▶ [Task description]:
With pictures excluded, copy word for word the lines in the data below from the line containing "36 in. L x 36" through the line containing "值得一提的是,今夏有多家媒体".

▶ [Excerpted records]:

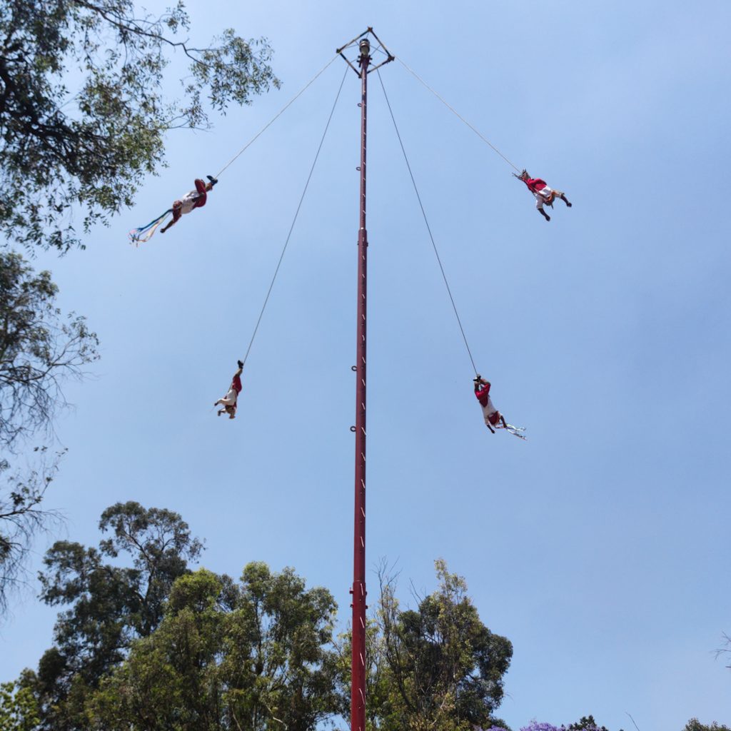 Auf einem Platz vor dem Museum erleben wir unerwartet die Voladores de Papantla, den Tanz der fliegenden Männer. Das müssen wir natürlich erstmal googlen, es folgt ein kleiner Exkurs: Seit über 1.000 Jahren praktizieren die fliegenden Männer von Papantla ihre artistische Tradition zu Ehren der Götter der Fruchtbarkeit. Die Zeremonie wurde von verschiedenen indigenen Volksgruppen in Mexiko veranstaltet, insbesondere jedoch im Stammland der Totonaken und Huasteken, in der Region von Papantla im Bundesstaat Veracruz. Was wir mit steifen Nacken und offenen Mündern beobachten: Vier traditionell gekleidete Männer besteigen einen ca. 30 m (!) hohen Pfahl zu einer minikleinen quadratischen Plattform. Unterhalb dieser kleinen, drehbaren Plattform sind vier Seile angebracht, welche die vier Volandores sich um die Hüften binden. Einer der Männer musiziert auf einer Flöte und trommelt gleichzeitig im Rhythmus. Dann lassen die Männer sich kopfüber fallen. Durch die Drehungen wickeln sich die Taue vom Pfosten ab und die Akrobaten schweben in immer grösser werdenden Bahnen im Kreis, bis sich das Seil abgewickelt hat. Kurz vor dem Auftreffen am Boden wenden sie sich, um auf den Füssen zu landen. Währenddessen spielt einer der Männer immer weiter Flöte und trommelt. Verrückt. Wirklich verrückt. Jeder Tänzer vollführt dabei 13 Umdrehungen, die vier zusammen also 52 Kreise, was dem Kalenderzyklus der damaligen Epoche entspricht. Der Flötenspieler symbolisiert wahrscheinlich die Sonne, die vier Flieger die wichtigsten Elemente Erde, Luft, Wasser und Feuer.
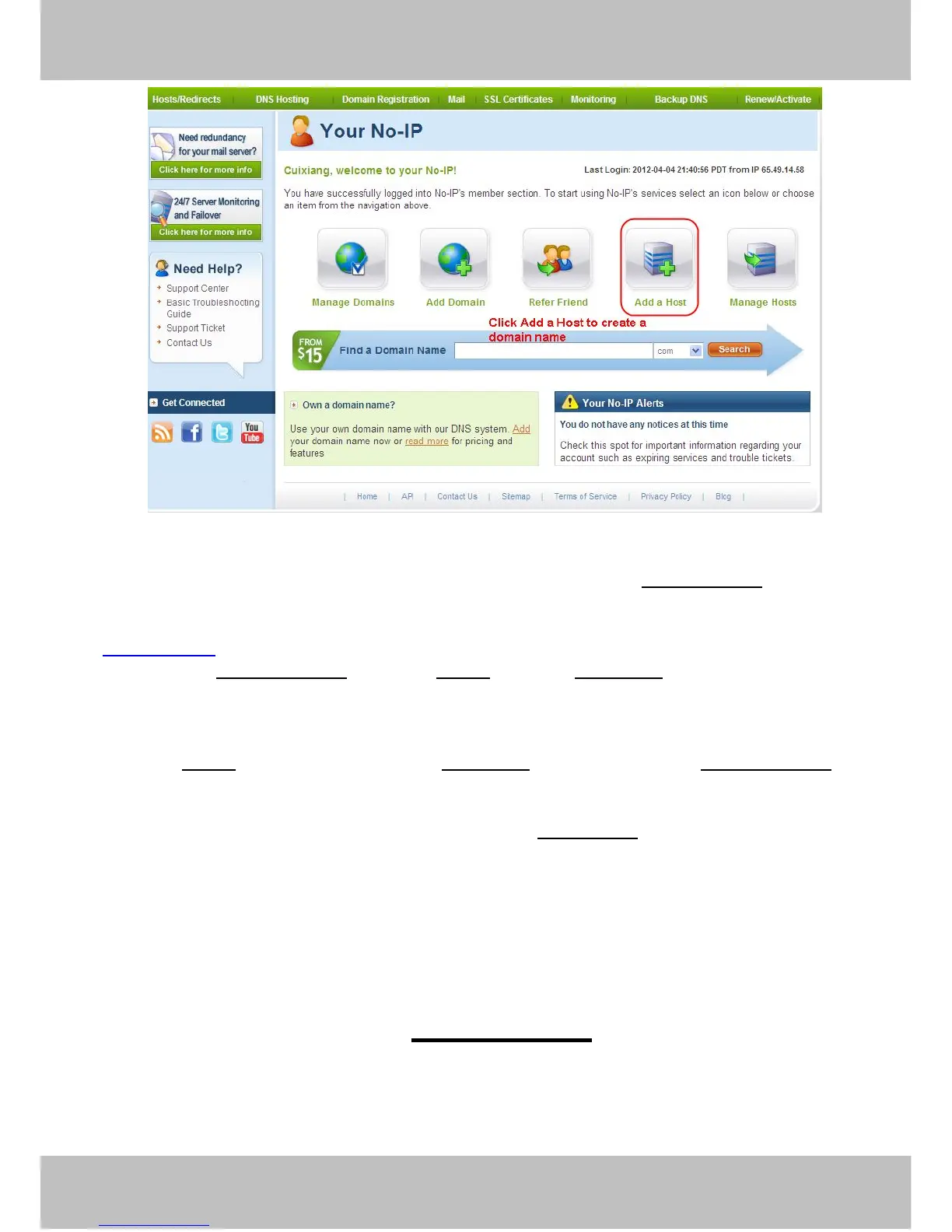 Please create the domain name step by step according to instructions on www.no-ip.com
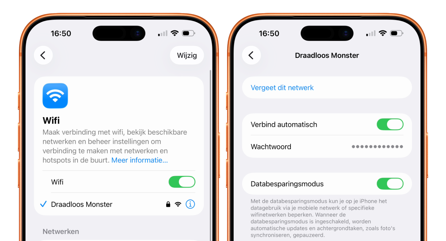 De databesparingsmodus wordt ook automatisch geactiveerd bij het gebruik van de persoonlijke hotspot. Je kan dit uitschakelen door op het apparaat waar je de internetverbinding op nodig hebt (bijvoorbeeld een iPad) naar Instellingen > Wifi te gaan en dan op het i’tje te tikken achter de iPhone waar je mee verbindt. Daar kun je vervolgens de Databesparingsmodus uitschakelen.
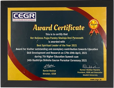 Maiyashree SheilejaDevi has been honored with significant awards recognizing her exemplary contributions to education, social development, and spiritual guidance. These honors celebrate her outstanding dedication to community service and her role in promoting positive societal transformation. They stand as a testament to her impactful spiritual and educational work across various sections of society.
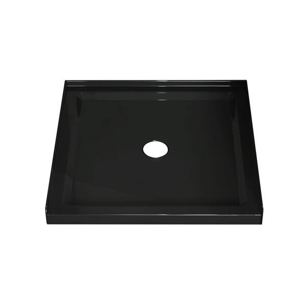 36 in. L x 36 in. W Single Threshold Alcove Shower Pan Base with Center Drain in Black
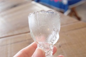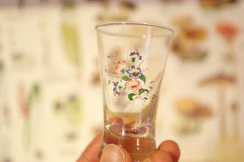小花模様の手のひらサイズの小さなグラス。花を活けたり小物入れなどにも。
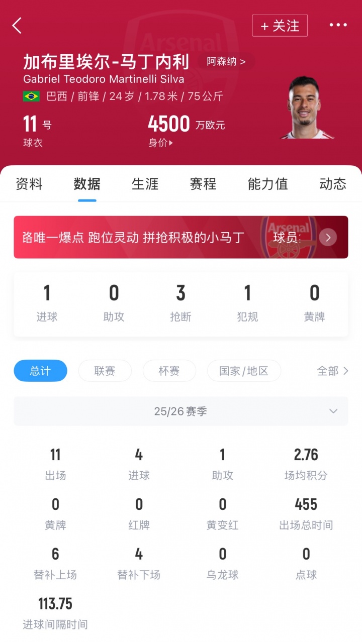 值得一提的是,今夏有多家媒体报道,阿森纳有意出售马丁内利,据邮报消息,球队此前对马丁内利估值为6000万欧元,但拜仁等队估价仅为3500万左右,因此球员最终留队。尽管马丁内利本赛季多数比赛是替补上场,但他也用出色表现再次证明了自己。
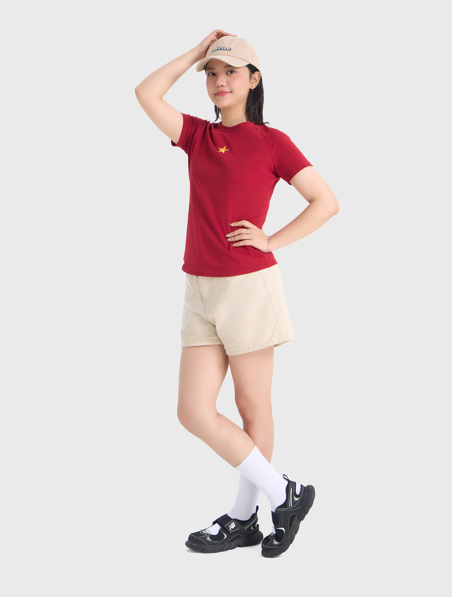 Áo phông nữ phom slim fit được làm từ chất liệu single 95% cotton 5% spandex, mang lại cảm giác mềm mại, co giãn nhẹ và thoải mái khi mặc. Thiết kế ôm vừa vặn theo dáng người, giúp tôn phom nhưng vẫn dễ vận động, phù hợp cho nhiều hoạt động thường ngày.

▶ [Expected output]:
 36 in. L x 36 in. W Single Threshold Alcove Shower Pan Base with Center Drain in Black
小花模様の手のひらサイズの小さなグラス。花を活けたり小物入れなどにも。
 值得一提的是,今夏有多家媒体报道,阿森纳有意出售马丁内利,据邮报消息,球队此前对马丁内利估值为6000万欧元,但拜仁等队估价仅为3500万左右,因此球员最终留队。尽管马丁内利本赛季多数比赛是替补上场,但他也用出色表现再次证明了自己。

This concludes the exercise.